3. From the possession of the store, by Austin, there arises no evidence, that the tenancy of Brown was terminated. Af*348ter the procurement of the key as aforesaid, Austin immediately, without consulting any one, deposited furniture therein. On the same day, he saw the plaintiff, and said to him : “ I have taken possession of your store,” to which the plaintiff replied: “ Mr. Brown’s store, you mean.” Austin occupied the store about six weeks, without permission from any one, and without the payment of rent. On the plaintiff’s part, there was no assent to the preceding transaction; and of consequence, there is no implication against him.
4. On one occasion, Mrs. Bacon was in a part of the store, with kettles and tubs, and in the act of washing. By her own act, unauthorised by her husband, she could not in any manner affect his rights ; and there is no evidence, that her temporary possession of the store, was with his knowledge or assent.
5. The cellar of the store, was let to the plaintiff, by Ives & Buckingham; and this is construed, by the defendant, into the acceptance of them as his tenants. From this fact, no such inference arises. If Ives & Buckingham were sublessees of Brown, they had right to lease to the plaintiff a part of the store, equally as Brown would have had the right, had he retained the possession; and their right as sublessees is all that the transaction implies.
Besides, the hiring of the cellar happened, on the 20th March, 1830. Immediately preceding this event, the plaintiff had applied to the defendant for the rent of the store, and had declared, in the presence of Ives & Buckingham, that he considered him as his tenant. Superadded to this, he had refused to accept them as his tenants, unless they would give him security; which they declined to do. Soon after, on the same day, the plaintiff proposed to take a part of the cellar of the store, at a certain rent; and it was agreed to. The entire transaction evinces, that the store was hired, by the plaintiff, of Ives & Buckingham, not as being his tenants, but as being the sublessees or holders, under Brown.

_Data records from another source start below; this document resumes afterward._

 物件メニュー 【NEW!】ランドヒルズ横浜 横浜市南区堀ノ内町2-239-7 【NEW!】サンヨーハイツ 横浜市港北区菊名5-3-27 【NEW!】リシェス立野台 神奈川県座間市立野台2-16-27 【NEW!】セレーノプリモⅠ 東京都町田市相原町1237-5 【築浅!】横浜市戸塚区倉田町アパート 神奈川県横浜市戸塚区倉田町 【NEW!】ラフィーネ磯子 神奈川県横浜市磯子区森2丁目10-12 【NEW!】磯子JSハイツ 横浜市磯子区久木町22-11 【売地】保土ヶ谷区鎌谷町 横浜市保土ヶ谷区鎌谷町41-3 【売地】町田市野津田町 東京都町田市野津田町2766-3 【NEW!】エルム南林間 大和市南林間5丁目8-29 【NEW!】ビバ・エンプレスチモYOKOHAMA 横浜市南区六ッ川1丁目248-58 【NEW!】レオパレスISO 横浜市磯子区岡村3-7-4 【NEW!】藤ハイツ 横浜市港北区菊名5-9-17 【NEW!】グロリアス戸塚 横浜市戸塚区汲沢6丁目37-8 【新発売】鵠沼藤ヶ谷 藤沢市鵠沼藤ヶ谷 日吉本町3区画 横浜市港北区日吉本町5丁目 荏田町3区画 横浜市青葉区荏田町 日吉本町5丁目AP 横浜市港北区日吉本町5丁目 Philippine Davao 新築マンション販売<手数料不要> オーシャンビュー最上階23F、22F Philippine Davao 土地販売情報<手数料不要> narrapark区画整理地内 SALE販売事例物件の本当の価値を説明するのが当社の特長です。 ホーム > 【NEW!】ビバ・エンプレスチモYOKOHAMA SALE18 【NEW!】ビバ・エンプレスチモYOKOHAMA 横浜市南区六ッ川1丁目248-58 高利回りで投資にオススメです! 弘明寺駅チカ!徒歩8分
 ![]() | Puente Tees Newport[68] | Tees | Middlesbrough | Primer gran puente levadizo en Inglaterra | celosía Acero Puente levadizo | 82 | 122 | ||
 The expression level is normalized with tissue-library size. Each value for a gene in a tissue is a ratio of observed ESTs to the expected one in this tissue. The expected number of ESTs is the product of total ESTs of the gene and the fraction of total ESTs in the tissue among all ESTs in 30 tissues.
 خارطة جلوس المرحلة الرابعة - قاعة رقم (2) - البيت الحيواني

6. It has been argued by the defendant’s counsel, that if Ives & Buckingham were not the tenants of the plaintiff, his hiring the cellar of them was an eviction of Brown; and to sustain his argument, the case of Smith v. Raleigh, 3 Camph. 513. has been cited. In the transaction alluded to, there is nothing like an eviction. By this term is meant a wrongful ouster or dispossession; (5 Conn. Rep. 521.) but here nothing *349of that kind can be pretended. The hiring by the plaintiff was a lawful act, and compatible with the rightful possession of lessees under Brown. Nor has the case cited any bearing on the point for which it was adduced. It merely establishes the principle, that when premises are let at an entire rent, an eviction from part, if the tenant thereupon gives up the residue, is a full defence to the action for use and occupation.

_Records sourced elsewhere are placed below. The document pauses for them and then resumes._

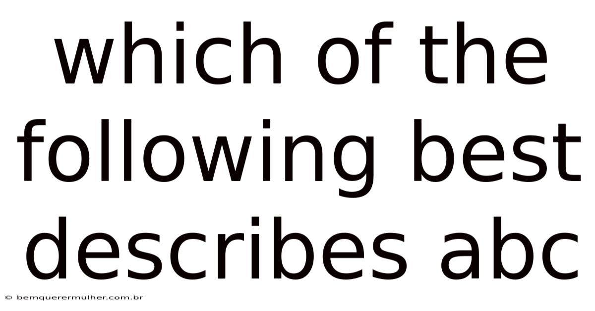 The question "which of the following best describes ABC" ultimately points to the fundamental principles or building blocks of any subject or concept. Whether we're talking about the alphabet for beginning readers, the ABC model in psychology, or the basic principles of any field, understanding these essentials is crucial for growth and mastery.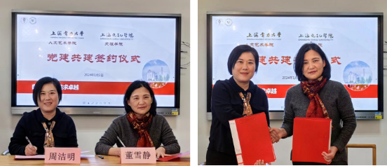 交流分享结束后,董雪静、周洁明代表双方党组织签订了党建共建协议书。接下来两家单位将根据各自党建工作特点、方向及布局,充分利用自身平台资源及优势,在制度建设、联组学习、党员教育、统战工作、文化交流及业务工作等方面开展多方位合作,努力形成互带互动、优势互补、资源共享的校际联动的基层党建工作新格局,共同提高党建工作质量水平。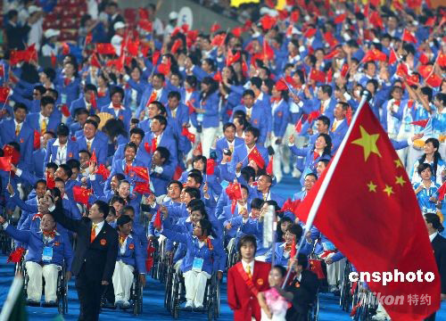 9月6日晚,北京2008殘奧會(huì)開幕式在北京國家體育場——“鳥巢”舉行,圖為由547人組成的龐大東道主代表團(tuán)--中國殘奧代表團(tuán)入場,旗手是刷新3項(xiàng)世界紀(jì)錄的20歲的中國殘疾人游泳運(yùn)動(dòng)員王曉福。 中新社發(fā) 宋吉河 攝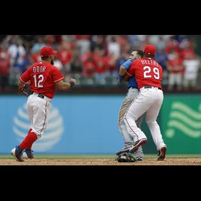 In the finale of their three game series, Bautista took a hard slide into second base and the Rangers' Rougned Odor was not pleased. And when I say "was not pleased," I mean, "he lost his sh*t and hit Bautista clean on his jaw."

I have now considered every question made in the case, and am prepared to say, that by holding over the term, the defendant became tenant for a year, on the terms of the original lease ; and that the plaintiff has never accepted any person other than the defendant, as his tenant, nor relinquished his claim upon him for the rent.
That the jury decided against the evidence is too decisive and palpable, to permit a doubt to rest upon the mind.
A new trial, therefore, must be granted.
The other Judges were of the same opinion.New trial to be granted.